First thing you will need is the right syntax for RSolve (note, RSolve, not Rsolve: Mathematica is case-sensitive). Here is the general case for the code you attempted:
RSolve[{x[1 + n] == b[1 + n] + \[Lambda] x[n],
b[1 + n] == \[Alpha] b[n]}, {x[n], b[n]}, n]
which gives the general solution:
{b[n] -> \[Alpha]^n C[1],
x[n] -> \[Lambda]^
n C[2] + (\[Alpha] (\[Alpha]^n - \[Lambda]^n) C[
1] UnitStep[-1 + n])/(\[Alpha] - \[Lambda])}
Or another way to do it in order to have parameters for x[0] and b[0] might be like this
RSolve[{x[1 + n] == b[1 + n] + \[Lambda] x[n],
b[1 + n] == \[Alpha] b[n], x[0] == x0, b[0] == b0}, {x[n], b[n]}, n]
which provides the explicit values for the constants C[1] and C[2] in the earlier case in the result:
{b[n] -> b0 \[Alpha]^n,
x[n] -> (-x0 \[Alpha] \[Lambda]^n + x0 \[Lambda]^(1 + n) -
b0 \[Alpha]^(1 + n) UnitStep[-1 + n] +
b0 \[Alpha] \[Lambda]^n UnitStep[-1 + n])/(-\[Alpha] + \[Lambda])}
If you want this in terms of [Lambda]=1+r, then all you need to do is perform that substitution using ReplaceAll
. But perhaps it'd have been easier to use [Lambda]=1+r explicitly in the original expression:
RSolve[{x[1 + n] == b[1 + n] + (1 + r) x[n],
b[1 + n] == \[Alpha] b[n], x[0] == x0, b[0] == b0}, {x[n], b[n]}, n]

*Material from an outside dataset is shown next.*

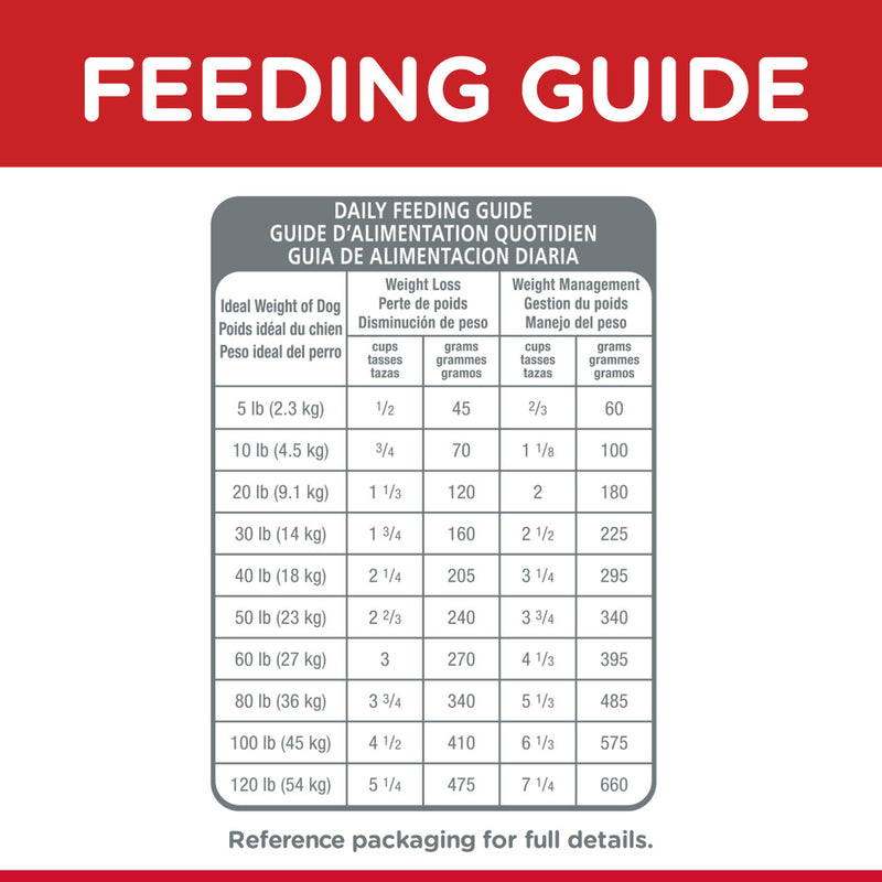Shop / Dog Food / Hill's Science Diet Adult Light with Chicken Meal & Barley Dry Dog Food Hill's Science Diet Adult Light with Chicken Meal & Barley Dry Dog Food Hill's Science Diet $48.99 15 lb 30 lb 15-lb 30-lb Purchase Options Free In-Store Pick Up Not Available Save 10% on orders $49+ Set your store for inventory and store pickup details Zip Code Search Same-day Delivery* No minimum charge for delivery orders. *Order before 2pm and have it delivered today. Orders placed after 2pm will be delivered the next day. Must be inside delivery radius. Zip Code Unfortunately delivery is not available to this address. In order to ensure the best availability accuracy, changing your selected store will remove all items from your cart. You will need to re-add these items with your newly selected store if you choose to continue. Continue Cancel Ship it to Me Quantity Add To Cart Feeding guide disclaimer ✕ Feeding guides provide a starting point for the amount of food to give your pet each day. We recommend that you keep your pet in ideal body condition and not allow them to become overweight. The amount of food your pet needs can vary based on age, activity level or other food and treats given, so be sure to work with your veterinarian to determine an appropriate weight for your pet, and to make any necessary adjustments to their feeding. Information Just because your adult dog has a big appetite, it doesn't mean his or her pet food should be big in calories. Hill's® Science Diet® Light Adult dry dog food is precise nutrition for less active adult dogs requiring a low-calorie food to help maintain a healthy weight & lifestyle. This premium dog food made with natural ingredients provides L-carnitine to promote healthy heart function in your canine friend. vitamin E and omega-6s work to nourish your dog's skin and coat, while quality protein and natural fibers keep your adult dog full between meals. There’s more to love with the new look of Science Diet®. Some of our products also have new names, new kibble shapes & new formulas. ▸ 18% fewer calories vs. Science Diet® Adult ▸ Provides L-carnitine to promote healthy body weight & heart function ▸ Quality protein and natural fibers help keep your dog satisfied between meals ▸ Supports healthy skin and coat with omega-6 fatty acids and vitamin E ▸ Made with natural ingredients Ingredients Chicken Meal, Cracked Pearled Barley, Pea Fiber, Whole Grain Wheat, Whole Grain Corn, Corn Gluten Meal, Whole Grain Sorghum, Powdered Cellulose, Chicken Liver Flavor, Soybean Oil, Dried Beet Pulp, Flaxseed, Lactic Acid, Pork Flavor, Potassium Chloride, L-Lysine, Iodized Salt, Choline Chloride, Calcium Carbonate, vitamins (Vitamin E Supplement, L-Ascorbyl-2-Polyphosphate (source of Vitamin C), Niacin Supplement, Thiamine Mononitrate, Vitamin A Supplement, Calcium Pantothenate, Riboflavin Supplement, Biotin, Vitamin B12 Supplement, Pyridoxine Hydrochloride, Folic Acid, Vitamin D3 Supplement), minerals (Ferrous Sulfate, Zinc Oxide, Copper Sulfate, Manganous Oxide, Calcium Iodate, Sodium Selenite), Taurine, Oat Fiber, Mixed Tocopherols for freshness, L-Carnitine, Natural Flavors, Beta-Carotene, Apples, Broccoli, Carrots, Cranberries, Green Peas. Guaranteed Analysis Nutrient Guaranteed Units Crude Protein 25.3 % Crude Fat 8.4 % Carbohydrates 48.2 % Calcium 0.92 % Phosphorus 0.69 % Potassium 0.81 % Sodium 0.29 % Magnesium 0.135 % Vitamin C 124 ppm Vitamin E 675 IU/kg Omega-3 Fatty Acids 0.63 % Omega-6 Fatty Acids 3.12 % Customers also liked Customer Reviews

Ok, given this, all you need to do to create an interactive solution would be to make use of Manipulate
. Here is a crude example--you can use this and the above to get started learning about these things, and the very best resource is to use the Documentation Center, starting with the simplest examples and working your way up.
Manipulate[
Grid[{{x[n],
N[1/(1 +
r - \[Alpha]) ((1 + r)^n x0 +
r (1 + r)^n x0 - (1 + r)^n x0 \[Alpha] +
b0 (1 + r)^n \[Alpha] UnitStep[-1 + n] -
b0 \[Alpha]^(1 + n) UnitStep[-1 + n])]},
{b[n], N[b0 \[Alpha]^n]}},
Alignment -> Left, Frame -> All],
{x0, 5000, InputField},
{b0, 400, InputField},
{\[Alpha], 1, InputField},
{n, 1, InputField},
{r, 10^-10, 1 - 10^-10}
]